If the value of 6 is R _O , the current flowing through the output transistor 33 is Vcc/2R _O during normal times, and 2Vcc/3R _O during the period when the vertical synchronization signal is expected to arrive. Since the current flowing through the emitter and collector of the output transistor 33 can be considered to be equal, the first to third constant current transistors 14 to 16, which are in a current mirror relationship with the diode 34, have currents of Vcc/2mR _O and 2Vcc/3mR _O. flows. Therefore, when the current is 2Vcc/3mR _O , the charging current to the charge/discharge capacitor 22 is
This is larger than when Vcc/2mR _O , and the detection sensitivity of the vertical synchronization signal can be increased when necessary, allowing highly accurate detection even in the case of a weak electric field. (G) Effects of the Invention As described above, according to the present invention, a vertical drive pulse and a waveform indicating the operating state of the frequency divider circuit can be obtained at the output terminal of the output transistor, so the function of the frequency divider circuit inside the IC can be simplified. In addition to being able to perform tests, a special test pin is not required for the test, so it is possible to provide a synchronization signal generator suitable for IC implementation.
In addition, if the vertical synchronization signal is detected by switching the detection sensitivity according to the output signal generated at the emitter of the output transistor as in the embodiment, even if the level of the vertical synchronization signal decreases in a weak electric field, etc., it can be detected sufficiently. It can be performed.

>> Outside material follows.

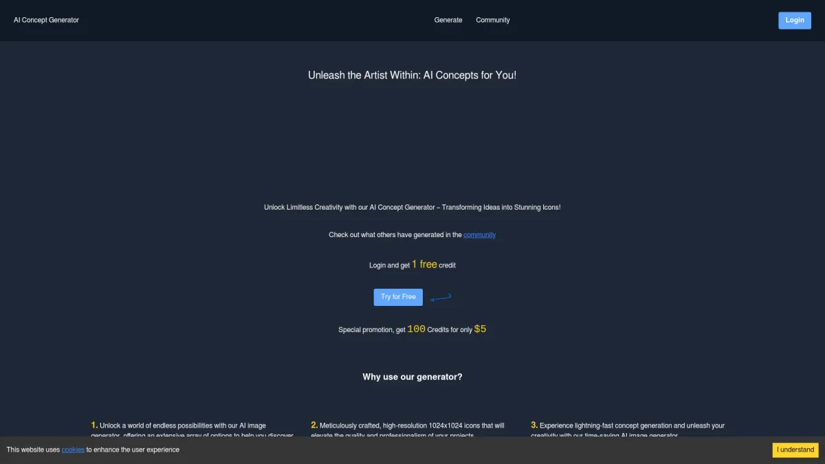Transform your ideas into stunning high-resolution icons effortlessly with AIConcept Art's innovative image generator, tailored for diverse creative needs.

[Brief explanation of drawings]

FIG. 1 is a circuit diagram showing an embodiment of the present invention, FIG. 2 is a circuit diagram showing a conventional synchronization signal generator, FIG. 3 is a waveform diagram showing how a composite synchronization signal becomes a reset signal, and FIG. FIG. 4 is a waveform diagram showing the output waveform generated at the output pin 11, and FIG. 5 is a circuit diagram showing the configuration of the frequency dividing circuit of FIG. 1. 8... Frequency dividing circuit, 24... Third transistor,
25... Fourth transistor, 26 ... Bias circuit, 33... Output transistor.

Claims (1)

[Claims] 1. Using a frequency divider circuit in which a signal corresponding to a vertical synchronizing signal in a video signal is applied as a reset signal, and a signal corresponding to a horizontal synchronizing signal in the video signal is applied as a clock signal. , in a countdown type synchronization signal generation device that generates a control signal and a vertical drive pulse whose level changes at a predetermined cycle when the frequency dividing circuit counts up to the timing when the vertical synchronization signal is expected to arrive; an output transistor that generates the vertical drive pulse and the control signal at one end; a bias circuit that applies a bias voltage to the base of the output transistor; and the frequency divider circuit that is connected to the base of the output transistor via the bias circuit. a first means for changing the output bias voltage of the bias circuit to a first level that is higher or lower than when there is no signal, when the vertical drive pulse and the control signal are not generated, in response to a vertical drive pulse from; A second circuit connected to the base of the output transistor via a bias circuit and controlling the bias circuit according to a control signal to change the output bias voltage of the bias circuit to a second level that is smaller or larger than when there is no signal. means, when the first means selects the large first level, the second means selects the small second level, and the first means selects the small second level; 2. A synchronizing signal generating device, characterized in that when the first small level is selected, the second means selects the second large level.